4.2. Regression Model Validation
4.2.1. Model Statistical Analysis
The R-values for the number of residents in residential districts and urban villages are 0.678 and 0.560, respectively, both passing the significance test. The results indicate that as the number of residents corresponding to residential POIs increases, the model accuracy decreases. The R-values for the number of bus routes at stations and passenger flow volume are -0.690 and -0.795, respectively, also passing the significance test. These results show that with the increase in the number of bus routes at stations and passenger flow volume, the model accuracy improves.

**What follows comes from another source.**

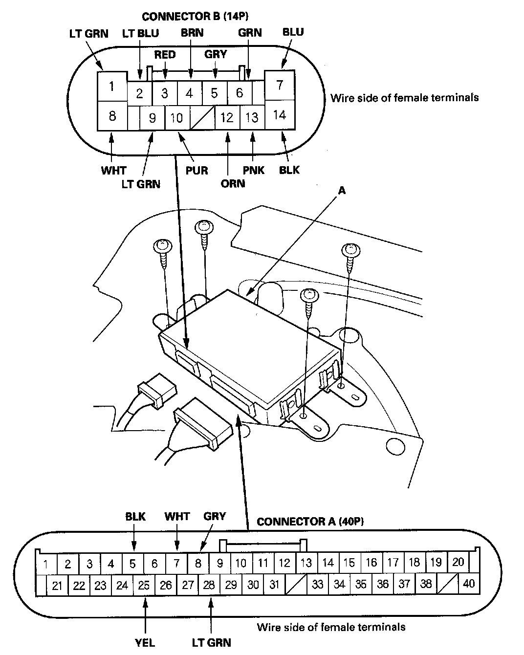 3. Disconnect driver's MPCS unit (A) connectors A (40P) and B (14P).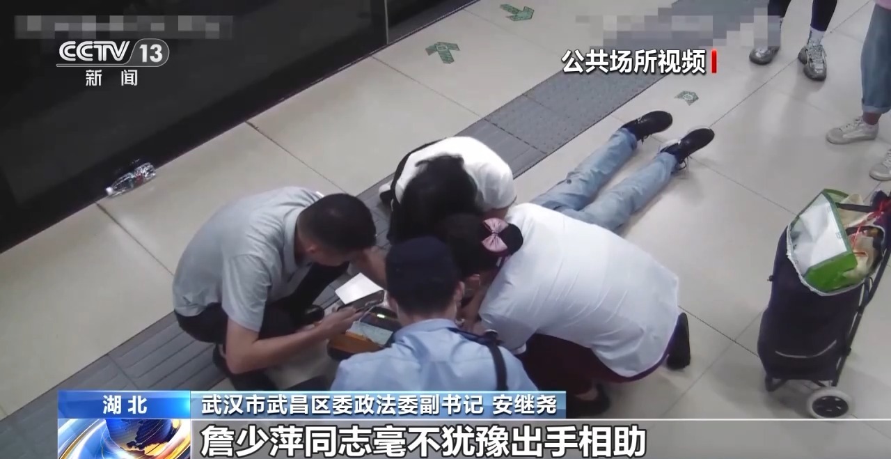 这是发生在6月6日下午武汉地铁4号线的惊险一幕,就在几分钟前,一位老人在列车内心跳骤停突然倒地。同一车厢的詹少萍见状赶忙上前查看老人的身体情况。

In contrast, residential district housing prices, the number of accessible bus routes, the number of accessible metro routes in residential districts, and the average distance between stations all fail to pass the significance test, exerting no significant impact on the model's MAPE.
4.2.2. Model Validity Analysis
Due to the lack of actual transit passenger residence data to compare with the projected transit passenger residence, this section focuses on verifying the accuracy of the total residential POI bus station ridership.
- (1)
Residential POI bus station ridership regression model
① Improved model
Based on Equation (5), the modeling data were first divided into training set and test set, and the training set accounted for 80% of the data set, then the coefficients of the regression model were calculated by inputting the training set data, and finally the total number of passengers at residential POI bus stations were projected by inputting the test set data, and the mean absolute error (MAE), root mean square error (RMSE), and MAPE were calculated using the actual passenger flow at bus stations as the true value, respectively.
② Original model
Based on Equation (4), the accuracy of the original model is calculated by inputting the corresponding data and further compared with the results of the improved model.
- (2)
XGBoost-based residential POI bus station ridership projection model
In the same way as ①, after completing model tuning using the training set data, we input the test set data to impute the total number of passengers at residential POI bus stations and calculate MAE, RMSE, and MAPE, respectively.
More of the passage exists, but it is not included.